=== Data provided ===

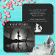On front of card is as black and white picture of a yoga master in tree pose overlooking a shimmering water reflection. On the back of card is woman sitting with legs crossed. Customise card with your business details.
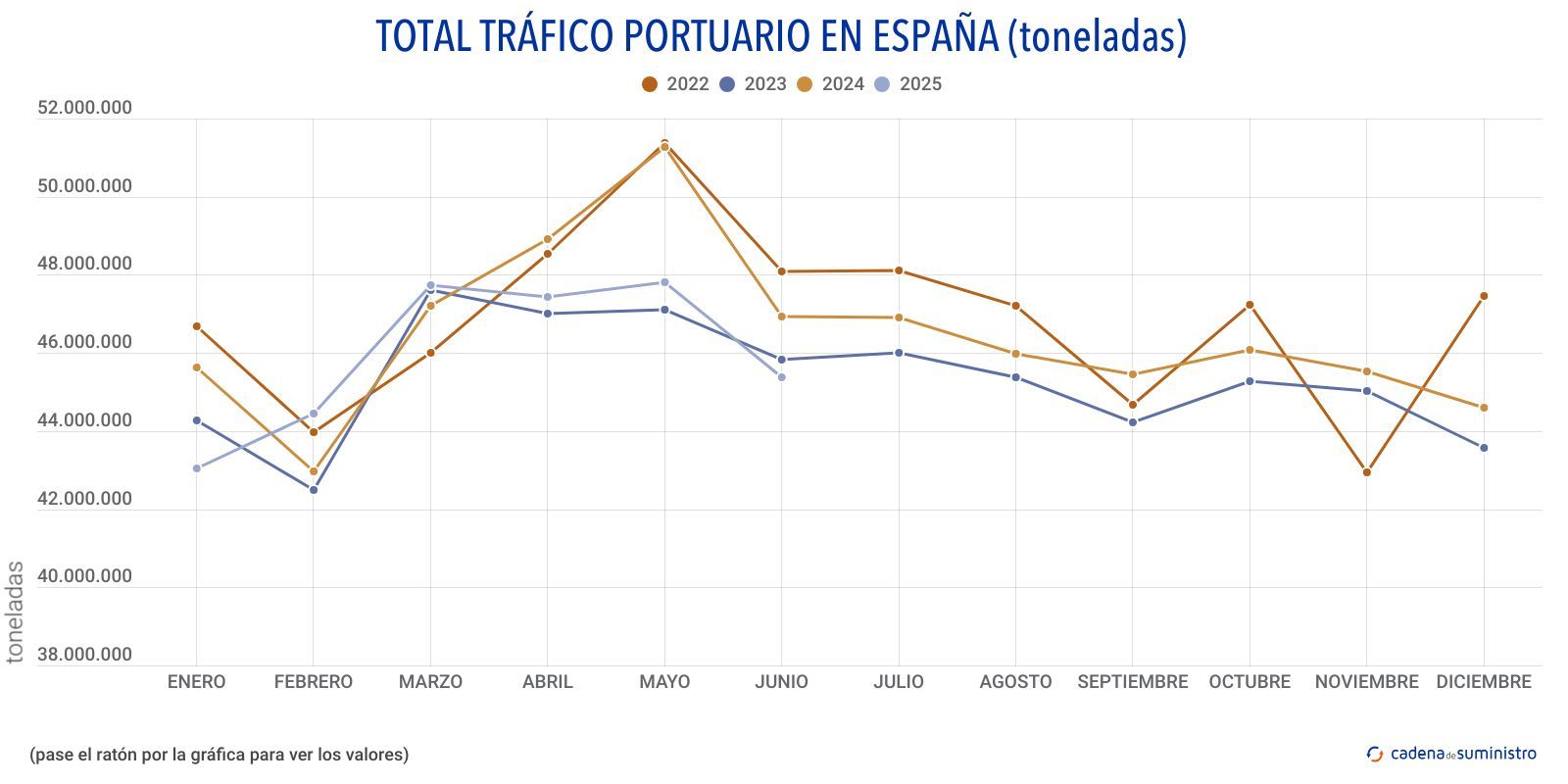 Además, el sistema portuario también registra un tráfico de mercancía general de 24.174960 toneladas en el período, con un ligero ascenso con respecto al mismo mes de 2024 de un 0,14%.
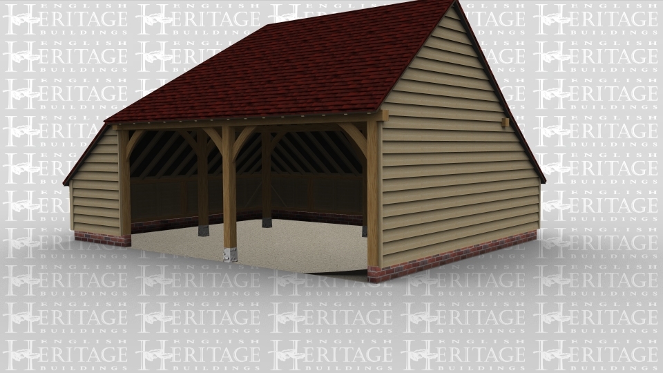 A 2 bay oak framed garage open at the front with an internal aisle on the left and rear.
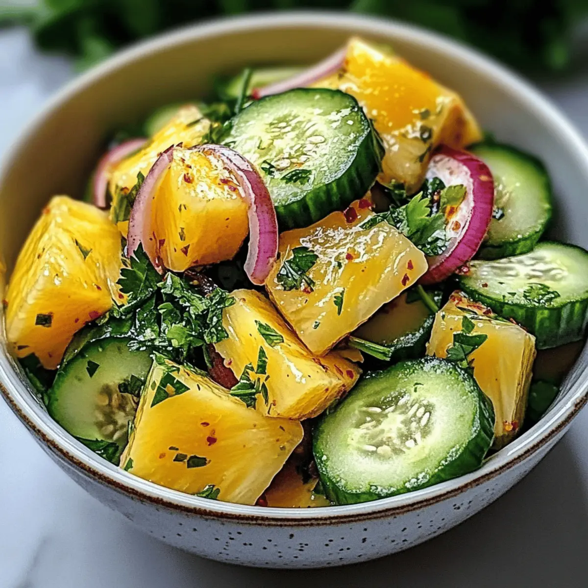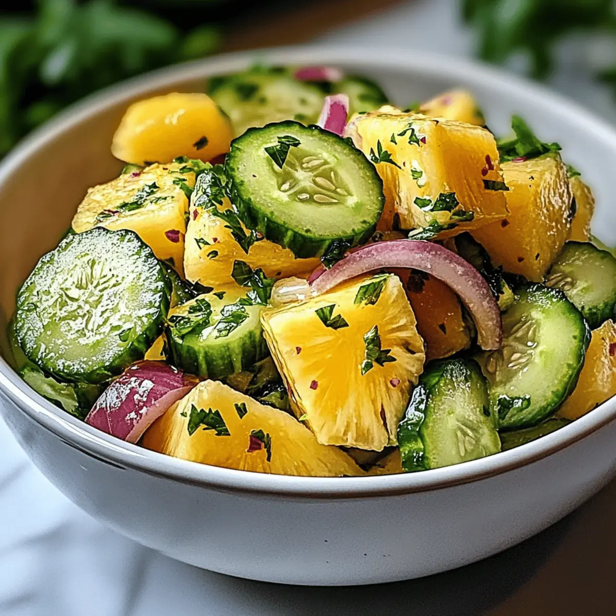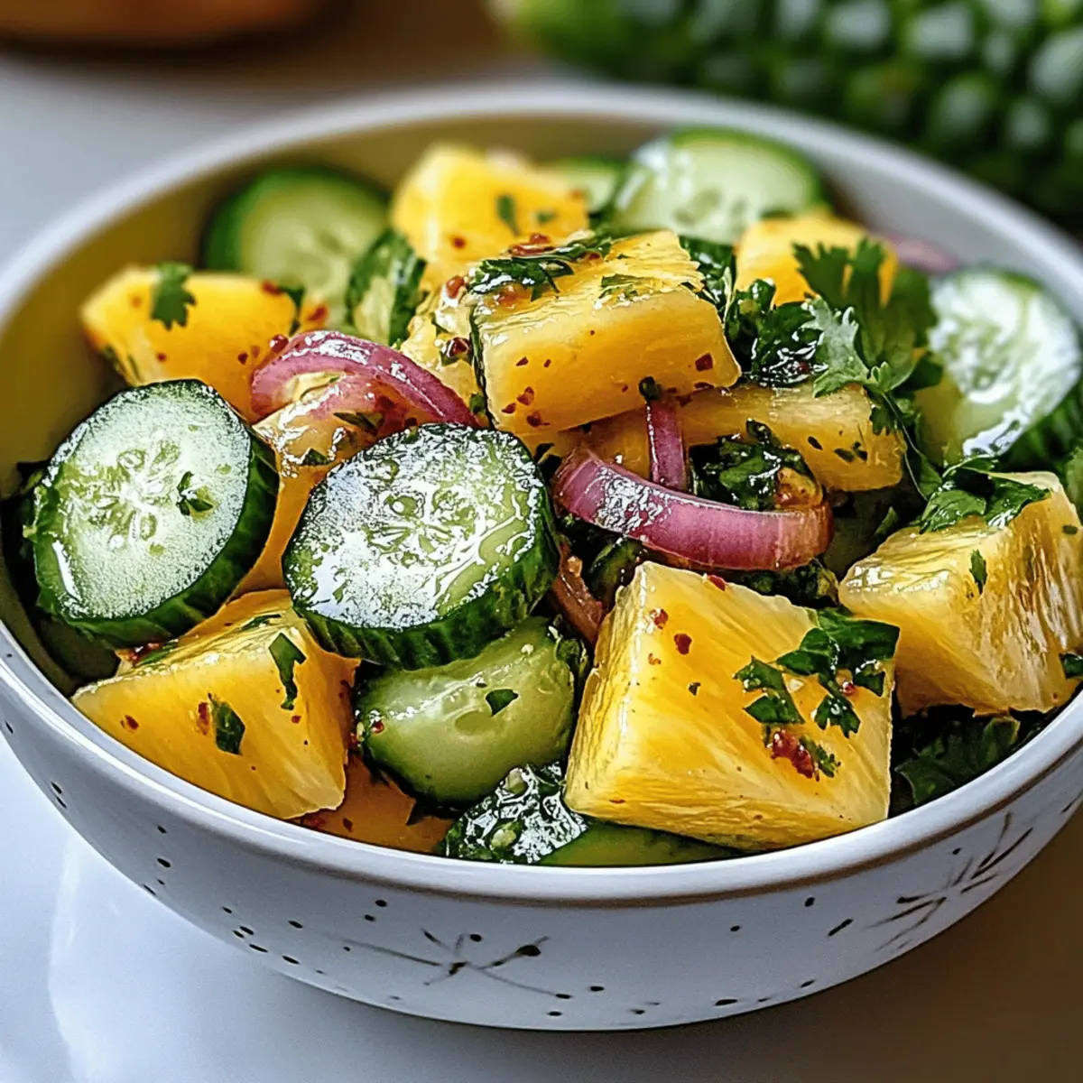 Jump to Recipe Print RecipeSinking my teeth into a pineapple wedge always transports me to sandy beaches and sun-soaked summers. That’s the magic behind this Pineapple Cucumber Salad with Zesty Chili-Lime Dressing—my latest culinary adventure that marries the bright sweetness of fresh pineapple with the cool crunch of cucumber and a dash of spice. Not only is this salad refreshing and hydrating, but it’s also a low-calorie way to celebrate wholesome ingredients. Whether you’re seeking a light meal on a hot day or a quick post-workout snack, this salad fits the bill perfectly. Get ready to savor a blend of tropical flavors that will leave your taste buds dancing—how do you like to brighten up your meals? Why is this salad a must-try? Vibrant flavors: The sweet, juicy pineapple paired with the cool crunch of cucumber creates a harmonious balance that’s impossible to resist. Easy preparation: With just a few simple steps, you can whip up this salad in no time—perfect for busy days! Low-calorie delight: At only 85 kcal per serving, it’s a guilt-free way to enjoy wholesome nutrition that keeps you feeling light. Perfect for any occasion: Whether you’re entertaining guests or just treating yourself, this salad is a crowd-pleaser that pairs wonderfully with options like Summer Berry Salad or Pasta Salad Cups. Versatile ingredients: Customize it by adding diced avocado or mango to cater to your taste—there are endless possibilities! Fresh and hydrating: It’s the ideal summer dish that quenches your thirst and satisfies your cravings. Pineapple Cucumber Salad Ingredients • Refreshing components for a tropical twist! For the Salad Fresh Pineapple – Natural sweetness and hydration; use ripe pineapple for optimal flavor. Cucumber – Provides a cool, crisp texture; English cucumber is preferable for less seediness. Red Onion – Adds a subtle bite; shallots can be a milder substitute. For the Dressing Chili Powder – Introduces spice and warmth; adjust the amount to suit your heat preference. Lime Juice – Offers acidity that enhances flavor balance; freshly squeezed is best for optimal taste. Honey or Maple Syrup – Adds sweetness to balance the tartness of lime; maple syrup is great for a vegan option. Salt – Enhances overall flavor; use to taste. Optional Garnishes Cilantro or Mint – Adds herbs for fragrance and an extra layer of flavor. Now you have all the ingredients ready to create your delicious Pineapple Cucumber Salad! Enjoy the wholesome, tropical flavors that will brighten your day! Step‑by‑Step Instructions for Pineapple Cucumber Salad Step 1: Prepare the Salad Ingredients Begin by peeling and dicing one ripe pineapple into bite-sized pieces, ensuring to remove the core. Next, take an English cucumber, wash it thoroughly, and slice it thinly for that refreshing crunch. To add a touch of sharpness, finely slice half a small red onion. Combine all these vibrant ingredients in a large mixing bowl, creating a colorful base for your Pineapple Cucumber Salad. Step 2: Make the Zesty Dressing In a small bowl, whisk together one tablespoon of chili powder, the juice of one freshly squeezed lime, one tablespoon of honey or maple syrup, and a pinch of salt. Aim for a smooth and well-combined mixture, as this zesty dressing will elevate the flavors of your salad. Set the dressing aside, allowing the ingredients to meld while you move on to the next step. Step 3: Combine Salad and Dressing Pour the prepared chili-lime dressing over the pineapple, cucumber, and red onion mixture in your large bowl. Gently toss all the ingredients together using a spatula or your hands, ensuring that the vibrant flavors of the dressing coat every piece of fruit and vegetable evenly. You should see the colors brighten as they mix, creating an inviting appearance for your Pineapple Cucumber Salad. Step 4: Allow Flavors to Meld Once combined, let your salad rest at room temperature for about 10–15 minutes. This wait is essential, as it allows the flavors to meld beautifully, enhancing the taste of the Pineapple Cucumber Salad. You’ll notice the vegetables softening ever so slightly while absorbing the zesty dressing, making every bite a burst of freshness. Step 5: Garnish and Serve Just before serving, add a handful of finely chopped fresh cilantro or mint on top for a fragrant finish. This optional garnish not only adds a pop of color but also an extra layer of flavor to your refreshing Pineapple Cucumber Salad. Serve it in individual bowls or family-style, and watch as everyone reaches for this delightful dish! Make Ahead Options These Pineapple Cucumber Salad preparations are perfect for busy home cooks! You can chop the pineapple and cucumber, along with slicing the red onion, up to 24 hours ahead to save time. Store these ingredients separately in airtight containers in the refrigerator to maintain their crispness and prevent browning. The zesty chili-lime dressing can also be made in advance and kept for up to 3 days; just give it a good shake before using. When you’re ready to enjoy your salad, simply combine the prepped ingredients, toss them with the dressing, and let it rest for 10-15 minutes to allow the flavors to meld. Your Pineapple Cucumber Salad will be just as delicious, allowing you to savor those refreshing tropical flavors with minimal effort! Pineapple Cucumber Salad Variations Feel free to unleash your creativity and personalize this salad with these exciting twists! Mango Swap: Replace pineapple with diced mango for an all-new tropical sweetness. The juicy texture and flavor will elevate your salad. Creamy Avocado: Add diced avocado for a rich, creamy contrast that complements the refreshing ingredients beautifully. This makes every bite feel indulgent. Bell Pepper Crunch: Mix in colorful, diced bell peppers for an extra crunch and a pop of color—perfect for a festive touch. Zesty Lemon: Substitute lime juice with fresh lemon juice for a bright, citrusy 
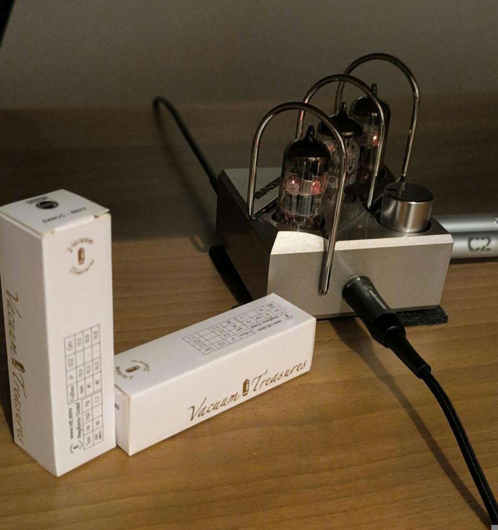 Fatto che, ritengo ascrivibile ovviamente alla tipologia e marca delle valvole, ma non di meno alla accuratezza nella selezione delle stesse: bilanciamento per ciascuna (doppio triodo) e accoppiamento fra le due. È per questo che sono assolutamente entusiasta per l'acquisto appena perfezionato che segue al precedente che riguardava una coppia di Philips SQ anche queste di valore sonico elevato.
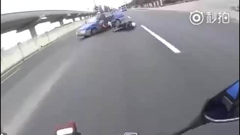 惊险一幕 车友惊险躲开旁边摩托车摔车
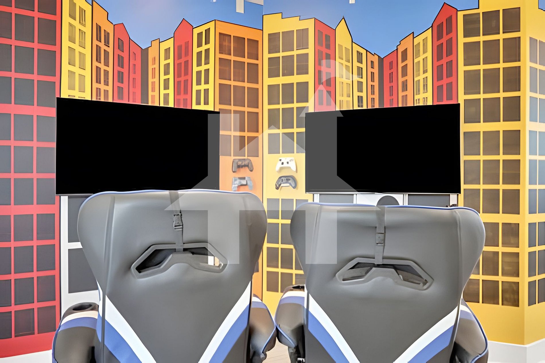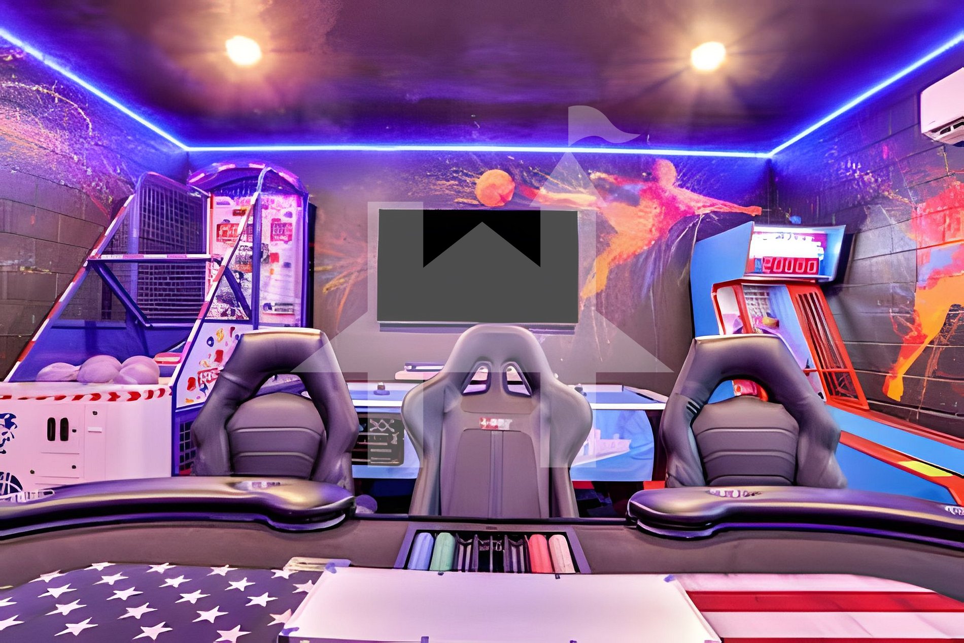 The air-conditioned game room brings together fun and comfort with Skee-Ball, Air Hockey, Sonic Basketball, Pool Table, Poker & Blackjack setup, massage chairs, and an 82” Smart TV. Upstairs, the loft arcade continues the excitement with racing simulators and classic arcade consoles.

===

> Problem statement:
The data above should be set down again exactly, with the pictures omitted.

> Output for this task:
On front of card is as black and white picture of a yoga master in tree pose overlooking a shimmering water reflection. On the back of card is woman sitting with legs crossed. Customise card with your business details.
 Además, el sistema portuario también registra un tráfico de mercancía general de 24.174960 toneladas en el período, con un ligero ascenso con respecto al mismo mes de 2024 de un 0,14%.
 A 2 bay oak framed garage open at the front with an internal aisle on the left and rear.
 Jump to Recipe Print RecipeSinking my teeth into a pineapple wedge always transports me to sandy beaches and sun-soaked summers. That’s the magic behind this Pineapple Cucumber Salad with Zesty Chili-Lime Dressing—my latest culinary adventure that marries the bright sweetness of fresh pineapple with the cool crunch of cucumber and a dash of spice. Not only is this salad refreshing and hydrating, but it’s also a low-calorie way to celebrate wholesome ingredients. Whether you’re seeking a light meal on a hot day or a quick post-workout snack, this salad fits the bill perfectly. Get ready to savor a blend of tropical flavors that will leave your taste buds dancing—how do you like to brighten up your meals? Why is this salad a must-try? Vibrant flavors: The sweet, juicy pineapple paired with the cool crunch of cucumber creates a harmonious balance that’s impossible to resist. Easy preparation: With just a few simple steps, you can whip up this salad in no time—perfect for busy days! Low-calorie delight: At only 85 kcal per serving, it’s a guilt-free way to enjoy wholesome nutrition that keeps you feeling light. Perfect for any occasion: Whether you’re entertaining guests or just treating yourself, this salad is a crowd-pleaser that pairs wonderfully with options like Summer Berry Salad or Pasta Salad Cups. Versatile ingredients: Customize it by adding diced avocado or mango to cater to your taste—there are endless possibilities! Fresh and hydrating: It’s the ideal summer dish that quenches your thirst and satisfies your cravings. Pineapple Cucumber Salad Ingredients • Refreshing components for a tropical twist! For the Salad Fresh Pineapple – Natural sweetness and hydration; use ripe pineapple for optimal flavor. Cucumber – Provides a cool, crisp texture; English cucumber is preferable for less seediness. Red Onion – Adds a subtle bite; shallots can be a milder substitute. For the Dressing Chili Powder – Introduces spice and warmth; adjust the amount to suit your heat preference. Lime Juice – Offers acidity that enhances flavor balance; freshly squeezed is best for optimal taste. Honey or Maple Syrup – Adds sweetness to balance the tartness of lime; maple syrup is great for a vegan option. Salt – Enhances overall flavor; use to taste. Optional Garnishes Cilantro or Mint – Adds herbs for fragrance and an extra layer of flavor. Now you have all the ingredients ready to create your delicious Pineapple Cucumber Salad! Enjoy the wholesome, tropical flavors that will brighten your day! Step‑by‑Step Instructions for Pineapple Cucumber Salad Step 1: Prepare the Salad Ingredients Begin by peeling and dicing one ripe pineapple into bite-sized pieces, ensuring to remove the core. Next, take an English cucumber, wash it thoroughly, and slice it thinly for that refreshing crunch. To add a touch of sharpness, finely slice half a small red onion. Combine all these vibrant ingredients in a large mixing bowl, creating a colorful base for your Pineapple Cucumber Salad. Step 2: Make the Zesty Dressing In a small bowl, whisk together one tablespoon of chili powder, the juice of one freshly squeezed lime, one tablespoon of honey or maple syrup, and a pinch of salt. Aim for a smooth and well-combined mixture, as this zesty dressing will elevate the flavors of your salad. Set the dressing aside, allowing the ingredients to meld while you move on to the next step. Step 3: Combine Salad and Dressing Pour the prepared chili-lime dressing over the pineapple, cucumber, and red onion mixture in your large bowl. Gently toss all the ingredients together using a spatula or your hands, ensuring that the vibrant flavors of the dressing coat every piece of fruit and vegetable evenly. You should see the colors brighten as they mix, creating an inviting appearance for your Pineapple Cucumber Salad. Step 4: Allow Flavors to Meld Once combined, let your salad rest at room temperature for about 10–15 minutes. This wait is essential, as it allows the flavors to meld beautifully, enhancing the taste of the Pineapple Cucumber Salad. You’ll notice the vegetables softening ever so slightly while absorbing the zesty dressing, making every bite a burst of freshness. Step 5: Garnish and Serve Just before serving, add a handful of finely chopped fresh cilantro or mint on top for a fragrant finish. This optional garnish not only adds a pop of color but also an extra layer of flavor to your refreshing Pineapple Cucumber Salad. Serve it in individual bowls or family-style, and watch as everyone reaches for this delightful dish! Make Ahead Options These Pineapple Cucumber Salad preparations are perfect for busy home cooks! You can chop the pineapple and cucumber, along with slicing the red onion, up to 24 hours ahead to save time. Store these ingredients separately in airtight containers in the refrigerator to maintain their crispness and prevent browning. The zesty chili-lime dressing can also be made in advance and kept for up to 3 days; just give it a good shake before using. When you’re ready to enjoy your salad, simply combine the prepped ingredients, toss them with the dressing, and let it rest for 10-15 minutes to allow the flavors to meld. Your Pineapple Cucumber Salad will be just as delicious, allowing you to savor those refreshing tropical flavors with minimal effort! Pineapple Cucumber Salad Variations Feel free to unleash your creativity and personalize this salad with these exciting twists! Mango Swap: Replace pineapple with diced mango for an all-new tropical sweetness. The juicy texture and flavor will elevate your salad. Creamy Avocado: Add diced avocado for a rich, creamy contrast that complements the refreshing ingredients beautifully. This makes every bite feel indulgent. Bell Pepper Crunch: Mix in colorful, diced bell peppers for an extra crunch and a pop of color—perfect for a festive touch. Zesty Lemon: Substitute lime juice with fresh lemon juice for a bright, citrusy 
 Fatto che, ritengo ascrivibile ovviamente alla tipologia e marca delle valvole, ma non di meno alla accuratezza nella selezione delle stesse: bilanciamento per ciascuna (doppio triodo) e accoppiamento fra le due. È per questo che sono assolutamente entusiasta per l'acquisto appena perfezionato che segue al precedente che riguardava una coppia di Philips SQ anche queste di valore sonico elevato.
 惊险一幕 车友惊险躲开旁边摩托车摔车
 The air-conditioned game room brings together fun and comfort with Skee-Ball, Air Hockey, Sonic Basketball, Pool Table, Poker & Blackjack setup, massage chairs, and an 82” Smart TV. Upstairs, the loft arcade continues the excitement with racing simulators and classic arcade consoles.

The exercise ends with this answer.